> _ACTION ITEM_
The printed result should hold only the lines from the opening of the data through the line bearing "Ruffles Mermaid Sequins", exactly as given and without pictures.

[[ DATA FOR THIS EXERCISE open ]]

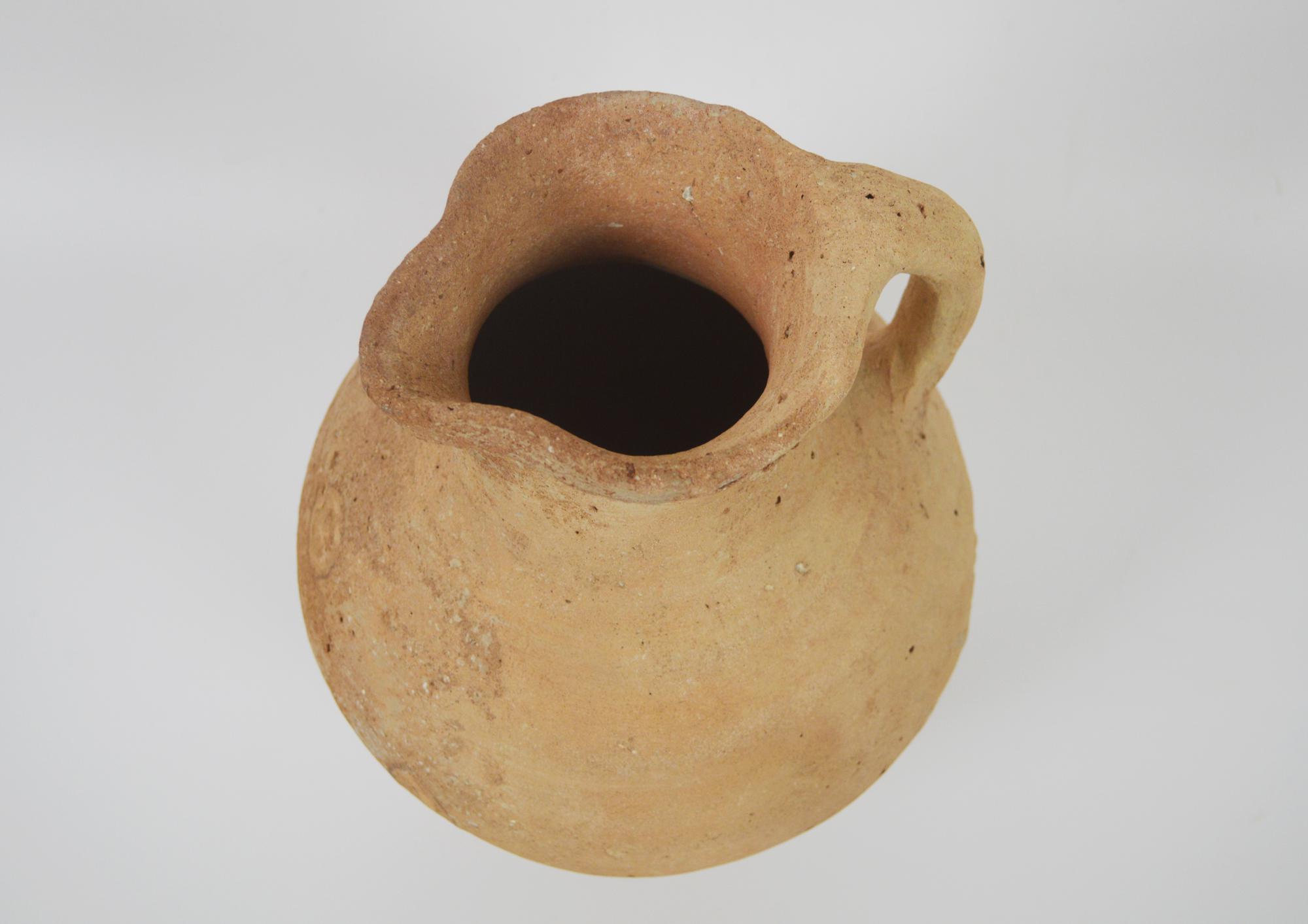 Brocca con orlo ingrossato e piccolo beccuccio, collo cilindrico, corpo globulare, piede ad anello; ansa a nastro impostata dall'orlo alla spalla
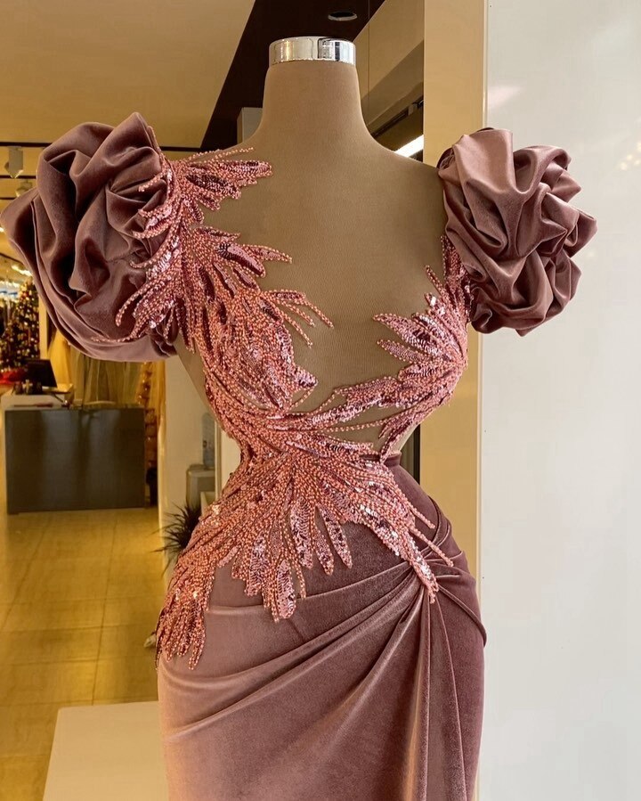Ruffles Mermaid Sequins Long Women Plus Size Pageant Prom Gowns
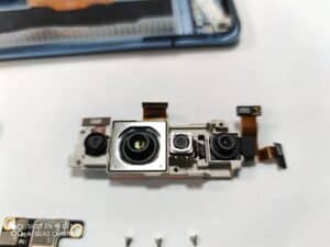 Setelah bingkai kamera belakang dilepas, Anda dapat melihat modul Quad-Camera dari Mi 10. Sensor 108MP pada modul ini tampil menonjol berkat ukurannya yang lebih besar dibandingkan tiga sensor lainnya.
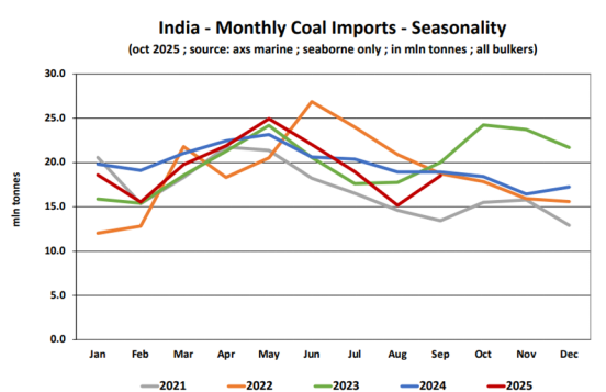根据AXS Marine船舶跟踪数据,2022年,印度海运煤炭进口量达到22540万吨,同比增长10.3%;2023年,进口煤炭24080万吨,同比增长6.9%。然而,2024年全年,印度煤炭进口量降至23650万吨,同比下降1.8%;今年前9个月进口量为17540万吨,同比下降4.9%。
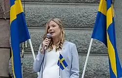 ![]() Evelina Hahne speaking at Alternative for Sweden's meeting on Mynttorget in Stockholm on 9 August 2022 | |
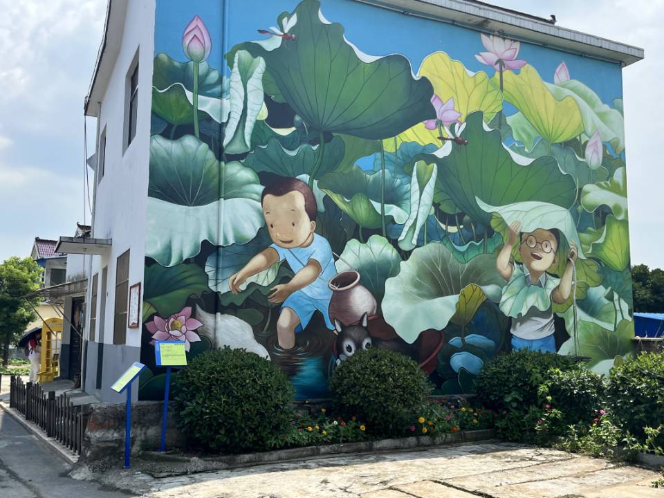 穿越石桥,沿着清澈的湖畔,实践团队欣赏了犁桥艺术图书馆、星空泡泡野奢酒店、犁桥美术馆等艺术建筑,丰富多彩的墙绘作品,独具特色的民俗建设。乡野和民房之间,也有造型各异,独具创意的雕塑作品。无论走在乡村的哪一处角落,都能感受到文化艺术的气息。独特的乡村艺术成为了出名的打卡点,吸引游客前来游玩,有效带动了犁桥村乡村旅游的发展。
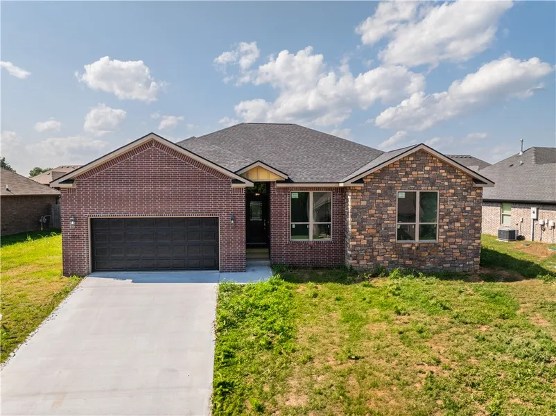 Bentonville Schools! Easy access to XNA Airport, JB Hunt, Walmart HO, and Tyson. New construction home with COO in the heart of Northwest Arkansas. This amazing brick home has a split floor plan with 4 bedrooms, 2 full baths and large walk-in closets. Oversized windows allow great ambiance and natural lighting throughout. Many custom additions to this home including granite counters, ceiling fans, utility sink in laundry, soft close hinges, lighted mirrors, security lights and great storage. Short commute to all of NWA and the 112 corridor will only make that easier. $5000 seller credit for upgrades or closing costs with preferred lenders.
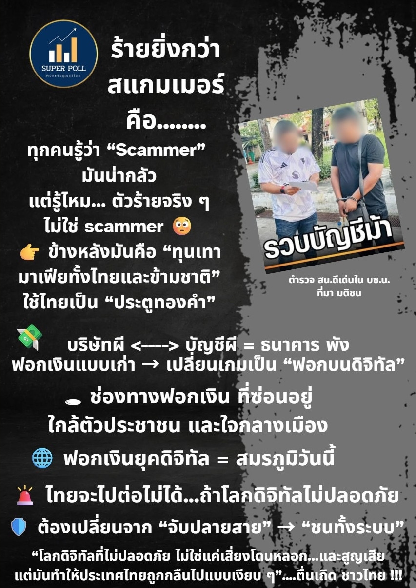 วันที่ 23 ต.ค.68 ผศ.ดร.นพดล กรรณิกา ผู้ก่อตั้งซูเปอร์โพล สถาบันวิจัยความสุขชุมชนและความเป็นผู้นำ ศิษย์เก่า Georgetown University ด้าน Cybersecurity & Policy และศิษย์เก่า University of Michigan-Ann Arbor ด้าน Data Science and Methodology ออกบทความเรื่อง “ร้ายยิ่งกว่า สแกมเมอร์ คือ...” โดยระบุว่า...
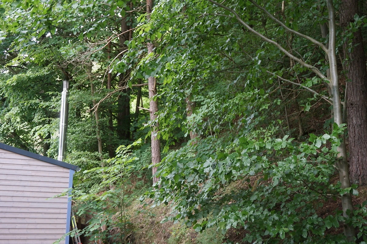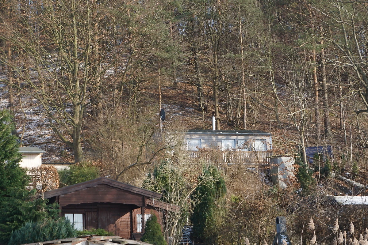 Der Bungalow liegt an einem Hang und ist über ca. 15 Stufen erreichbar .
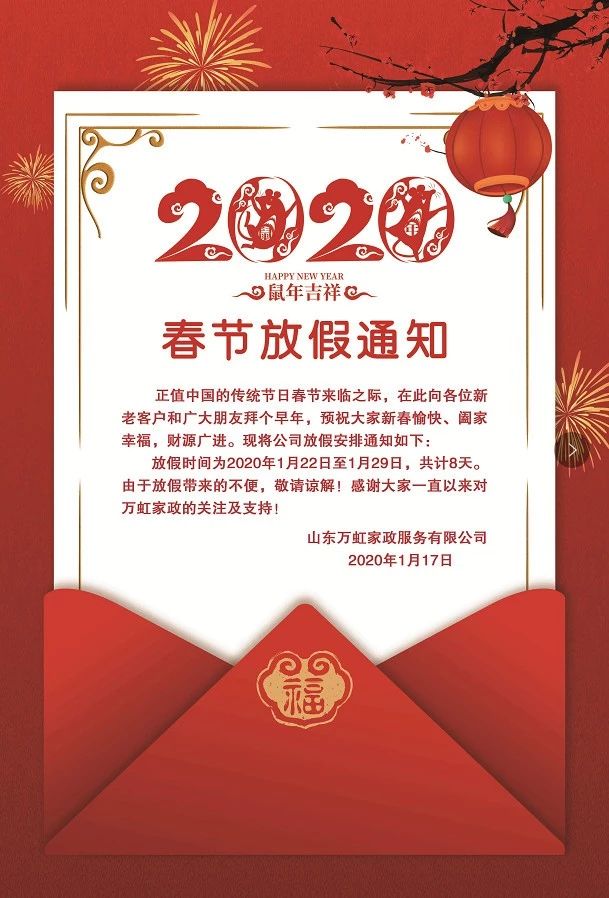 山東萬虹家政服務(wù)有限公司2020年新春賀詞

[[ DATA FOR THIS EXERCISE closed ]]

> _RESPONSE AREA_
 Brocca con orlo ingrossato e piccolo beccuccio, collo cilindrico, corpo globulare, piede ad anello; ansa a nastro impostata dall'orlo alla spalla
Ruffles Mermaid Sequins Long Women Plus Size Pageant Prom Gowns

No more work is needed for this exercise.